If piece to be claimed by the quantum is a Rook,
     -n if the player has 2 or more Rooks on the field
     +n if the opponent has 2 or more Rooks on the field

...

If piece to be claimed by the quantum is a Queen,
     -n if the player has 1 or more Queens on the field
     +n if the opponent has 1 or more Queens on the field


As long as both players remain below the standard number of pieces, these
values would have no effect on the game.  But when one achieves the
conditions, whether through quantum or Pawn promotion, these values would
aid or deter each players' subsequent quantum claims.

I suggest that this value be 5, this should greatly assist the wanting
player while not overly penalizing the achieving player.  The positions
where a player would be able to obtain more than the standard number of a
particular piece should not be often but this potential will influence the
game.

But this value could be weighted differently for each piece type.  For
example, according to their exchange value, 3 for Bishops and Knights, 5
for Rooks and 9 for Queens.  Adding a level of difficulty for those who
enjoy such. [Hand in the air.]
 
This could also be applied to Bario with neutral quantum, making it
difficult to re-introduce a promoted piece after a Reset if there is more
than its standard number on the field.  Although a potentially rare
position.

Yes, the dynamics of Reverse Bario could be quite cruel.  But it could be
said that a player who left a powerful piece in a position of
vulnerability before a Reset deserves to have it taken from them.

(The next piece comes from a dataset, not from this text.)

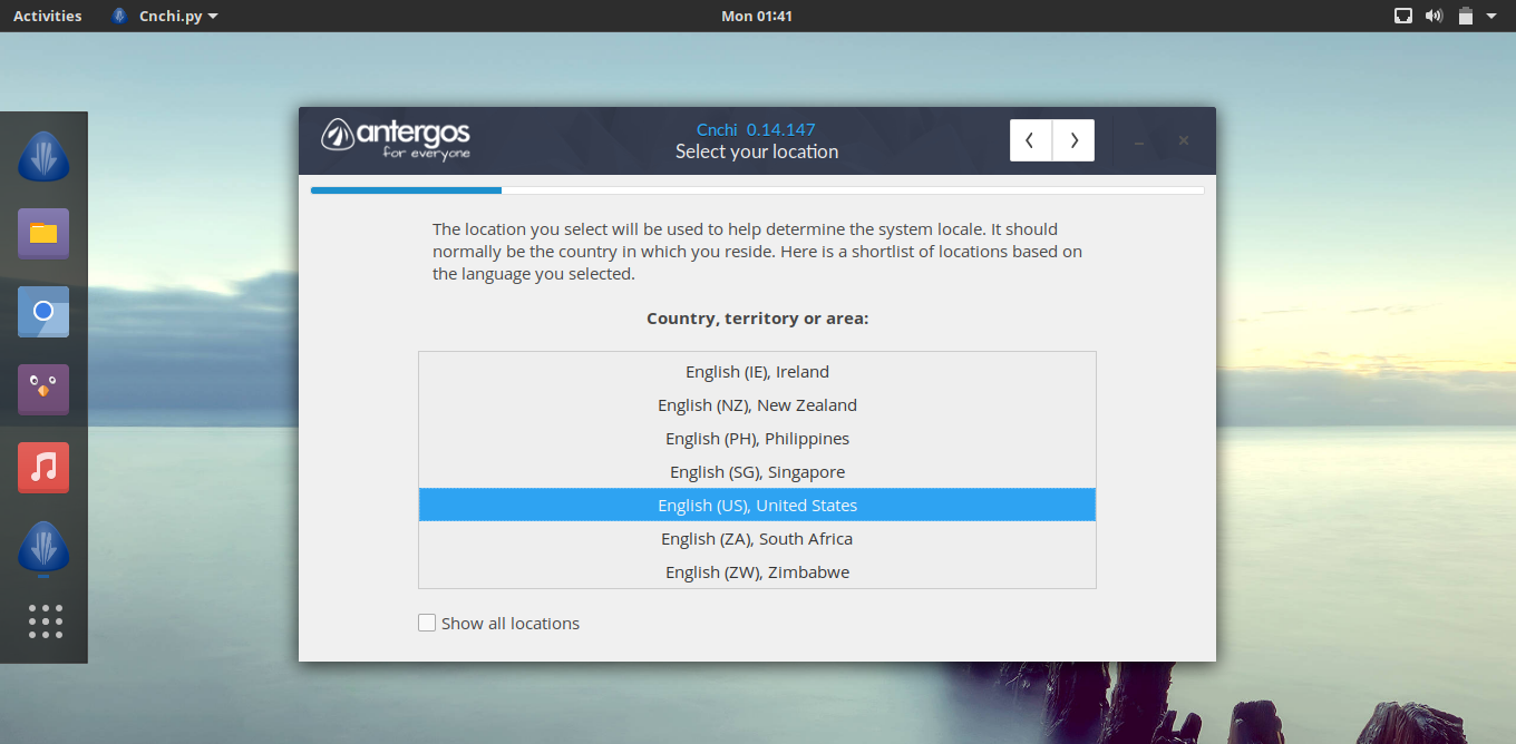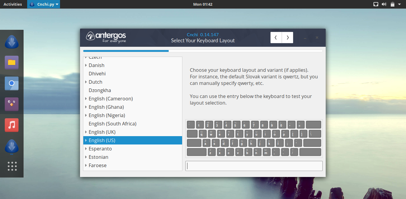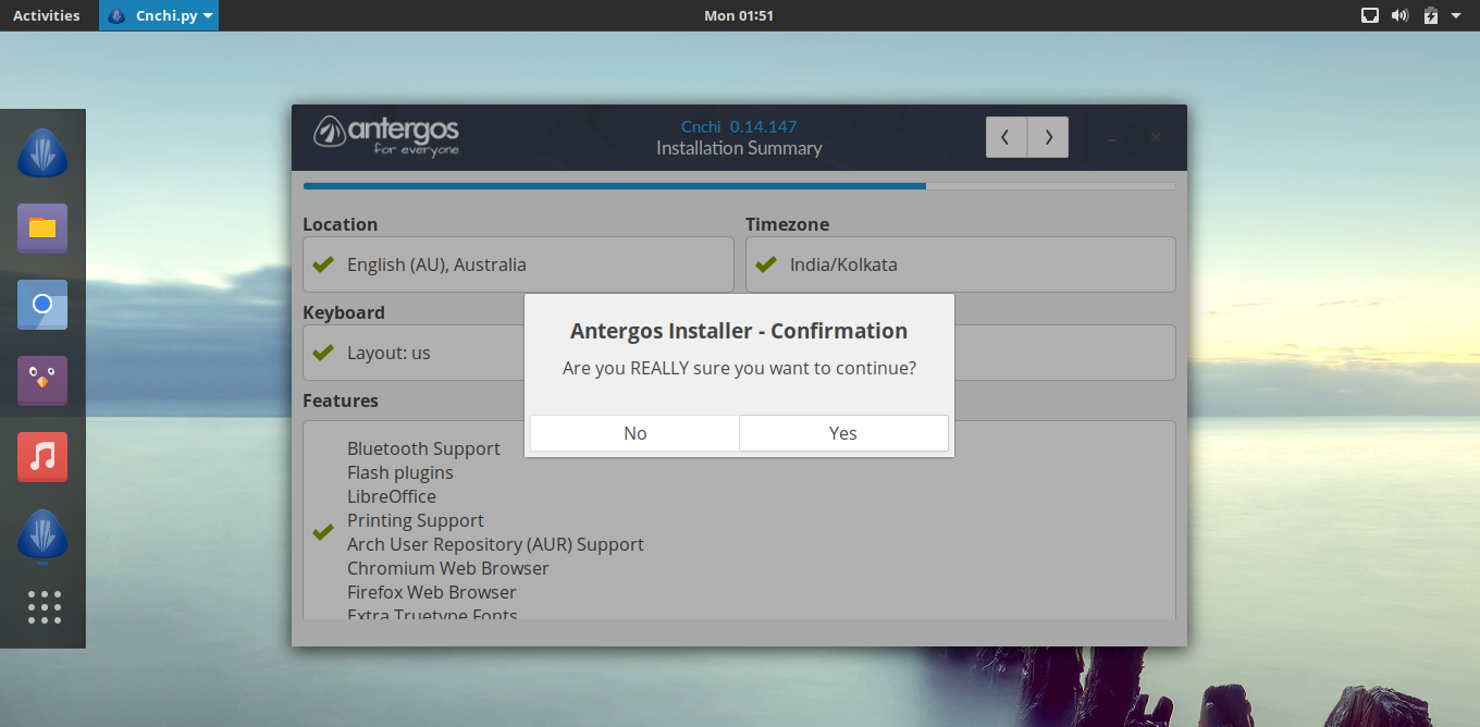 Antergos 有多个语言版本,包括英语、西班牙语等版本,在安装时你可以在语言栏选择预置语言。默认的配置确保了开箱即用,不需要安装额外的软件就可以直接浏览网页、听音乐、看视频以及做任何你想做的事情。

One problem with looking at a game merely from its potential and not from
its actual play is that often its negative aspects are over-rated.  A
designer must take into account not only the tactics of the players but
also the overall possible strategy.

With examples, we can point out potential pit-falls but this does not
necessitate that every player will succumb.  Just as the Fool's Mate is a
potential in FIDE Chess.

And the advantage after a Reset would not be the sole propriety of one
player.  Both players will have the potential for this advantage, given
the opportunity.

Question: Would a player holding the last quantum before a Reset play it? 
Or would they allow the last neutral piece to be captured?

This would be considered an area for strategy.  Keeping a quantum in hand
to be able to control the Reset, or holding a neutral piece in reserve. 
Imagine the small battles over the control of the Reset.

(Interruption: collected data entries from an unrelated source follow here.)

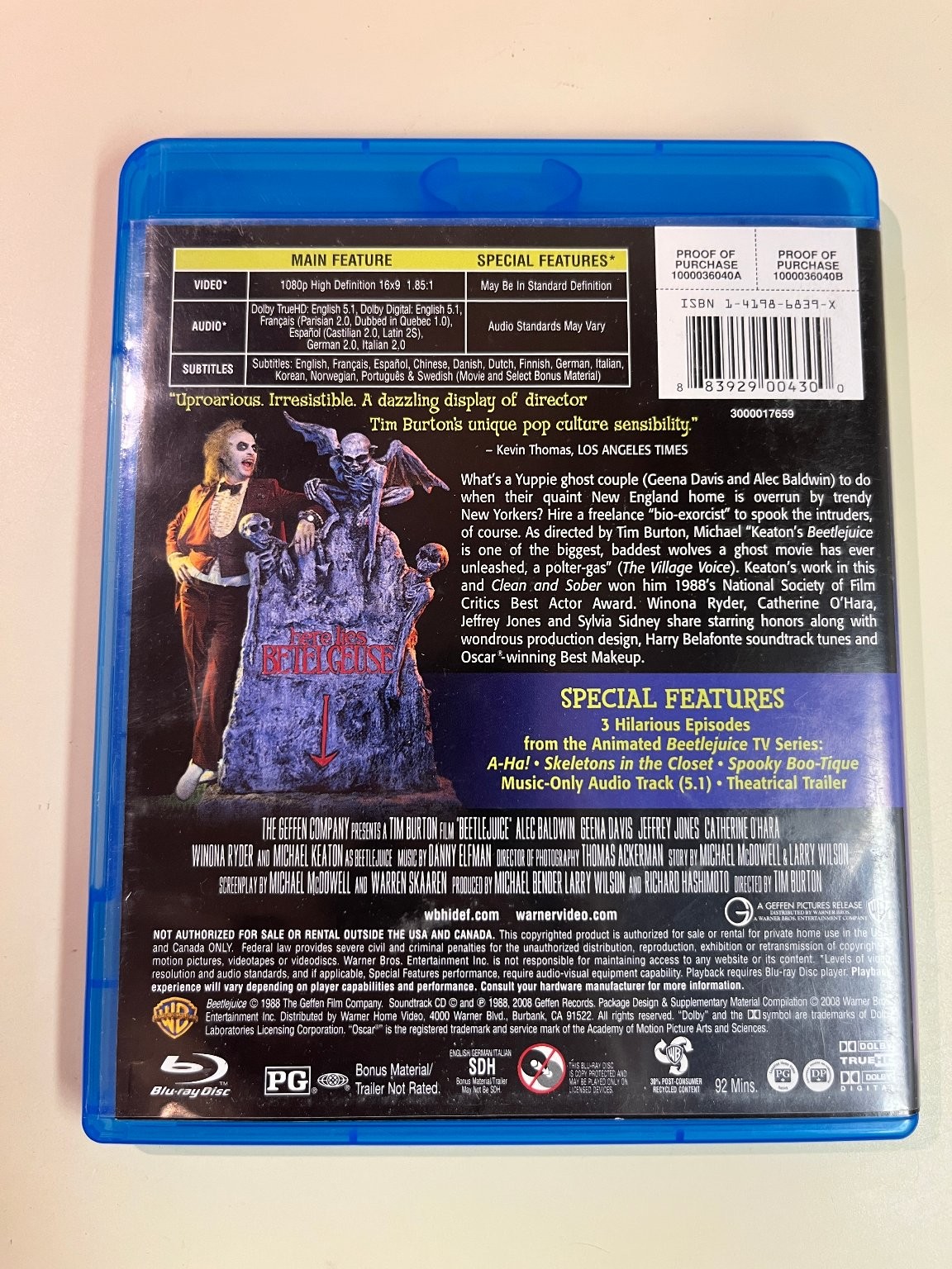 Beetlejuice Blu-ray, 1988, Tim Burton, Michael Keaton, Winona Ryder, Bonus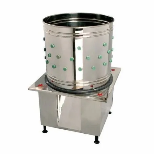 Industrial grade stainless steel feather cleaning machine. Belt drive, 1 hp motor. Processes 5 birds at a time, with a capacity of 500 birds/day.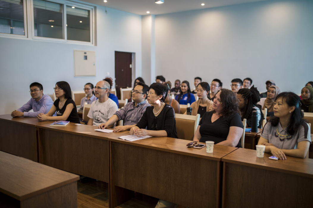 会议伊始,贺平书记向美国交换生们致欢迎辞。她表示了对GSU交换生的欢迎,希望他们能在接下来的两周内过得愉快,在中国体验到不一样的生活。紧接着,麻豆社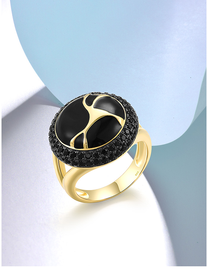 SANTUZZA 925 Sterling Silver Oriental Ring Black Spinel Antique Look Enamel Jewelry - US 10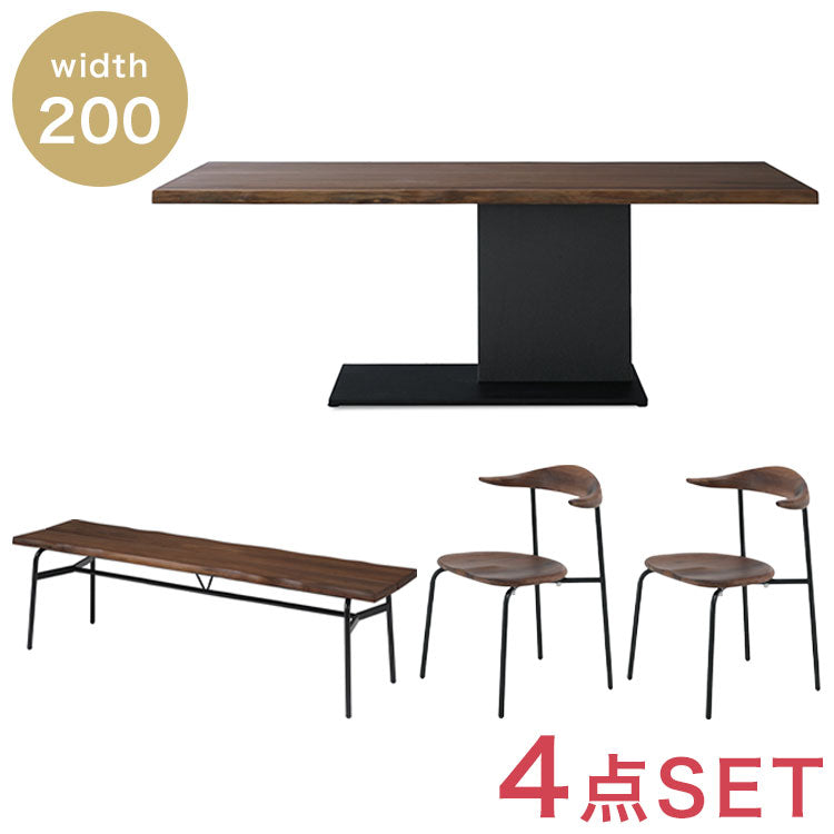200cm幅ダイニングテーブル×ダイニングチェア(2脚)×180cm幅ベンチのウォールナット素材を使ったダイニングセットです。テーブルはウォールナット素材、一枚板風のテーブルです。天厚4cmの重厚感と、天然杢ノタ面の本来の木の風合い、そして天板は1cm厚の単板を使用することにより木目がしっかりと出て高級感が感じられます。脚も特殊なL字型の真ん中脚になっており、デザイン性もありつつ、どこに座っても脚が干渉しない使いやすさを金そろえております。チェアはウォールナット素材を使用した板座のチェアです。座面はさくりをとっております。スタッキング(積み重ねる)が可能です。ベンチは180cm幅でウォールナット素材を使用した板座のベンチです。ベンチの両側はテーブルに合わせてノタ面風のNC加工(削り)が施されております。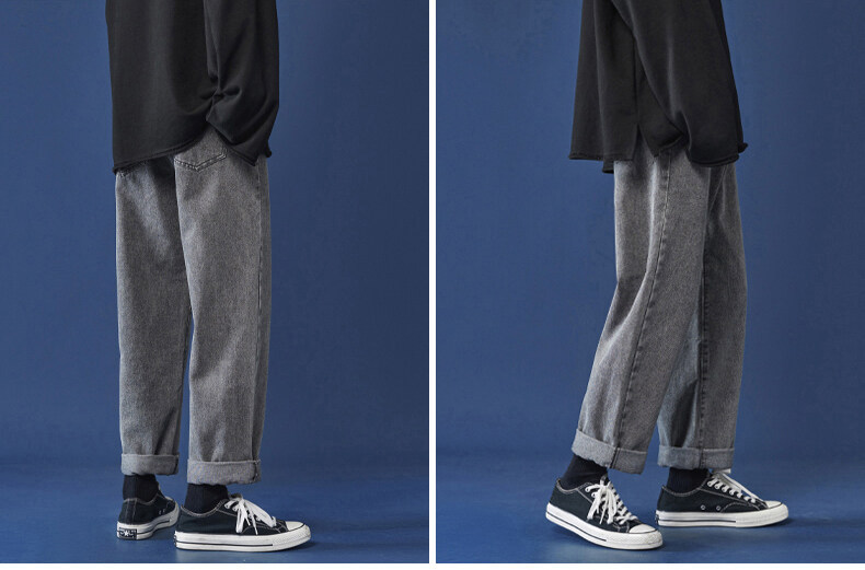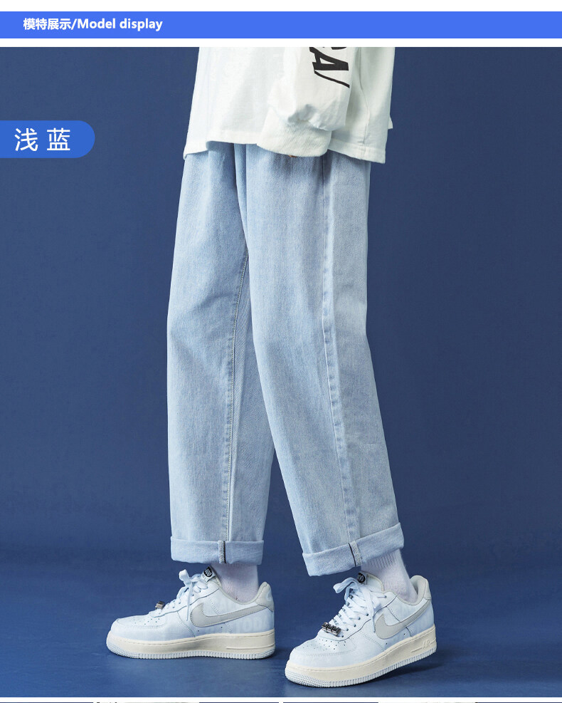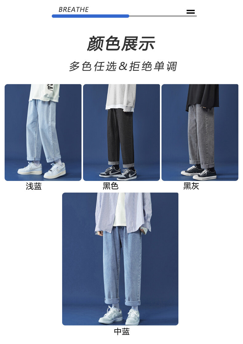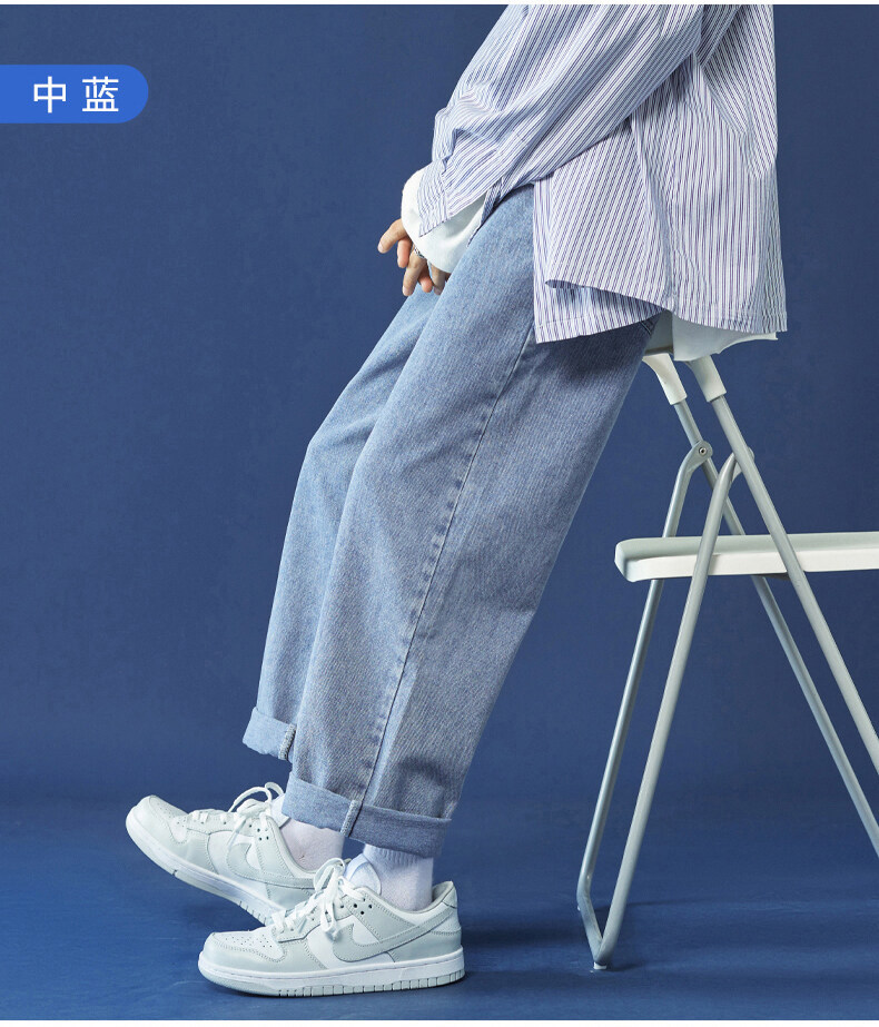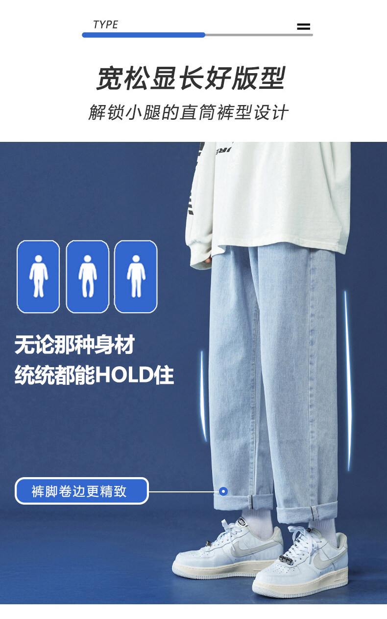 牛仔裤男秋冬季宽松直筒韩版潮牌休闲九分裤子学生百搭潮流长裤男

In a Quantom Variant which allowed a player to obtain 3 or even 4 of the 4
Bishops, Knights, and Rooks, and both of the 2 Queens we would need
markers for the Quantoms (checkers, dimes, pennies, etc. would suffice).
But we would also need 2 chess sets to allow White and Black to get their
third Bishop, third knight, etc.  

A danger in this game [of nuetral Quantoms] is that the
'Player-on-the-move' immediately after the reset has a strong initiative
(in an otherwise equal position) because he can likely 'define and move a
Quantom' to gain control over one or more of the other Quantoms.  And, if
pieces were of nuetral color and he had lost a Queen during the opening
phase, he could now define the Bario (Quantom) as a 'Queen.' (Whereas in
the Deductive/Dedicated Bario variant, a player could not make a Queen this
way, as his lost pieces are off the board and pieces that were just on
board remain reserved for their owners, plus the color-dedicated Barios
remain the property of their owner throughout the game... however, they
can be captured.)

But it is important to note that being the one to initiate a cycle reset
can be extremely hazardous to one's chess health in a 'Neutral Quantom /
Neutral Color Variant.'

Upon further reflection, it would not be necessary for the chess pieces to
be of neutral color in Reverse Bario.  There need be the rule that only 
the player may move their King, their Pawns and any other piece occupying 
one of their quantum(and, regardless of color, all pieces other than 
Kings and Pawns may be claimed with a quantum under specific conditions).  
It just may be difficult to visualize the state of the field without much 
practice.  But this should not be impossible.  And this would mean that 
players need not obtain any special equipment to play a real-world game.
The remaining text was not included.